YOUR INSTRUCTIONS: Retype only the lines from the top of the records to the line with "Paket Lengkap Kitchen", including that line but none of the pictures.

EXERCISE DATA:
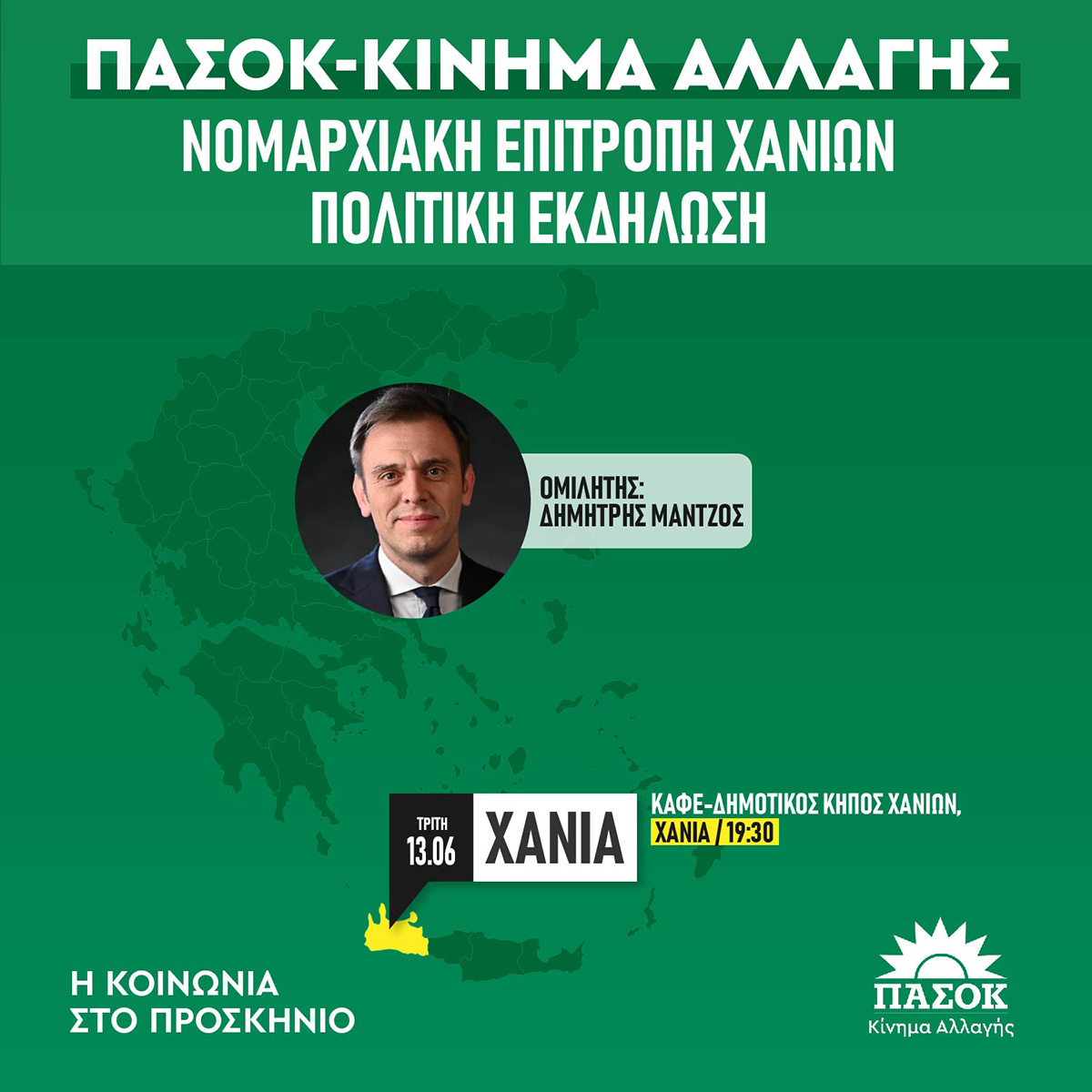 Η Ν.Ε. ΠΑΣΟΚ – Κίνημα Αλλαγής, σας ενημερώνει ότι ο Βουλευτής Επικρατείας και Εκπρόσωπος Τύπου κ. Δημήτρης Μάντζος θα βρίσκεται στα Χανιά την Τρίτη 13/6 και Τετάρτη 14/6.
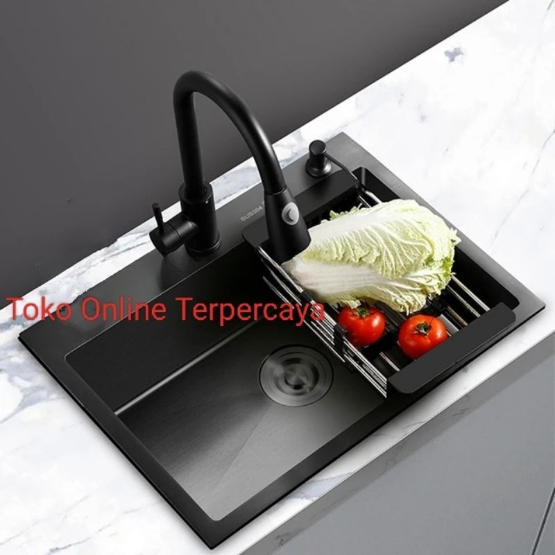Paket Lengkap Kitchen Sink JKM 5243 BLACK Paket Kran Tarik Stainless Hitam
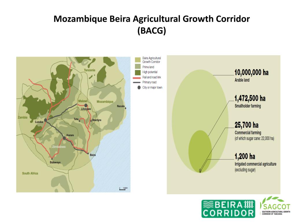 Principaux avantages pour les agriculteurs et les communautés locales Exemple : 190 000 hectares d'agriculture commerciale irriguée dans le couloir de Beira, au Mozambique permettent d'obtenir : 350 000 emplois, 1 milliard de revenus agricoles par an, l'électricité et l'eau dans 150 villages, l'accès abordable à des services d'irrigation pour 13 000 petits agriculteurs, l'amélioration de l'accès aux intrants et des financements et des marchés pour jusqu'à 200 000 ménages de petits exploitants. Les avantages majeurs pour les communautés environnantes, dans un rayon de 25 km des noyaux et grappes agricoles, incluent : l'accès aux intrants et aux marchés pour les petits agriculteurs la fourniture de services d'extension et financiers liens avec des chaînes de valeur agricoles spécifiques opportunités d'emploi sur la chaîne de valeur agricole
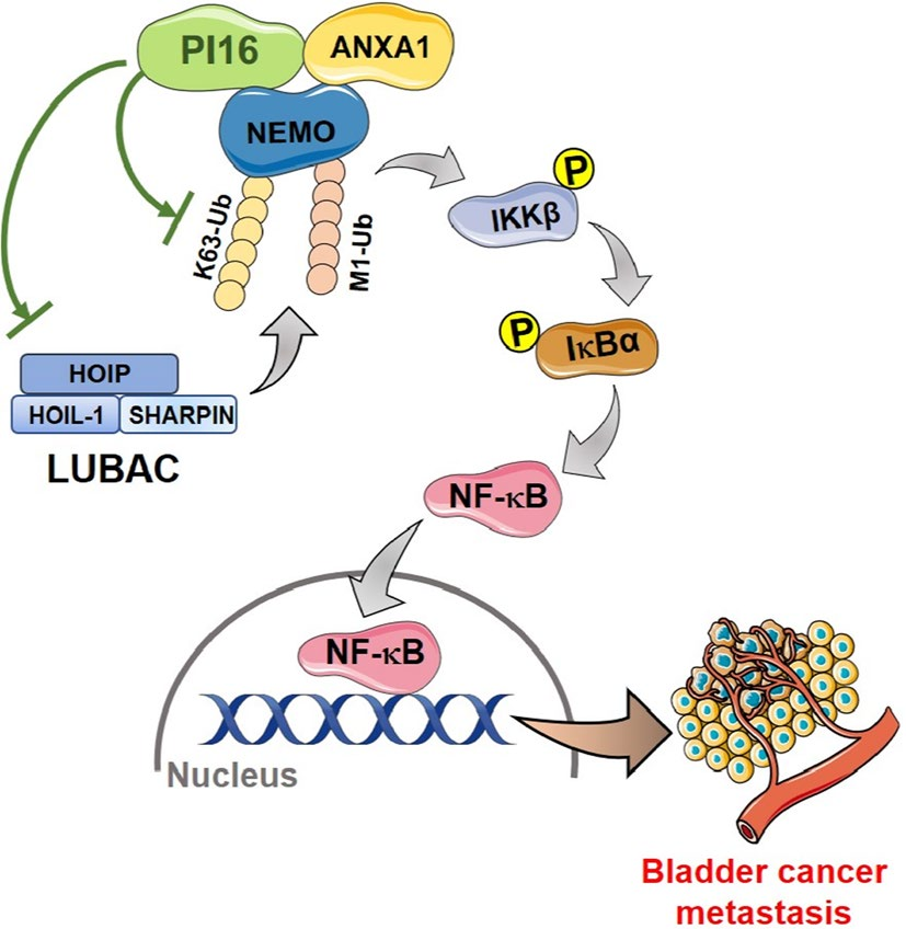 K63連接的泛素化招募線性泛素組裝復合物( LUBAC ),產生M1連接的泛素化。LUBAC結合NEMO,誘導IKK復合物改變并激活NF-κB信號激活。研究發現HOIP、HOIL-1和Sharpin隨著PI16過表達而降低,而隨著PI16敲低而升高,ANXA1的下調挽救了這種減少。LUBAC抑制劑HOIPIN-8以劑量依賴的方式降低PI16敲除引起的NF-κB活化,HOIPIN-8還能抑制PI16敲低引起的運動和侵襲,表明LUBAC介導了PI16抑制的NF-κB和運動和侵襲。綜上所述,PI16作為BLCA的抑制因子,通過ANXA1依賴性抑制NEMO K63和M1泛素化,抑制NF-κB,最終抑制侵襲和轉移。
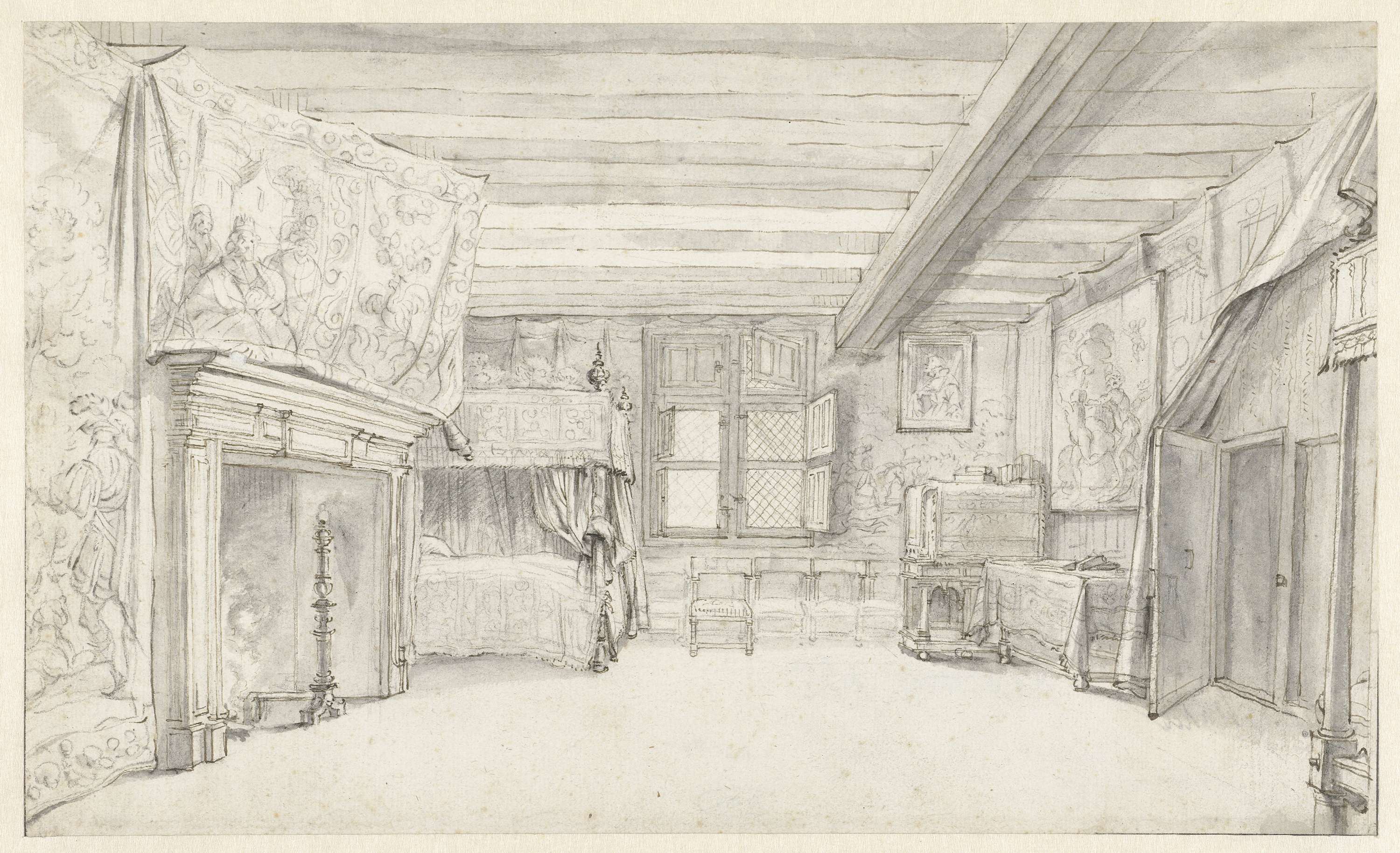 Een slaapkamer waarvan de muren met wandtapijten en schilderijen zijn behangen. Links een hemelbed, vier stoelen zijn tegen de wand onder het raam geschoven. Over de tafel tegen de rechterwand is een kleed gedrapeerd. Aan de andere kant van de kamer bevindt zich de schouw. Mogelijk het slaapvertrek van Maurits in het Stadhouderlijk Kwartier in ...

EXERCISE RESPONSE:
 Η Ν.Ε. ΠΑΣΟΚ – Κίνημα Αλλαγής, σας ενημερώνει ότι ο Βουλευτής Επικρατείας και Εκπρόσωπος Τύπου κ. Δημήτρης Μάντζος θα βρίσκεται στα Χανιά την Τρίτη 13/6 και Τετάρτη 14/6.
Paket Lengkap Kitchen Sink JKM 5243 BLACK Paket Kran Tarik Stainless Hitam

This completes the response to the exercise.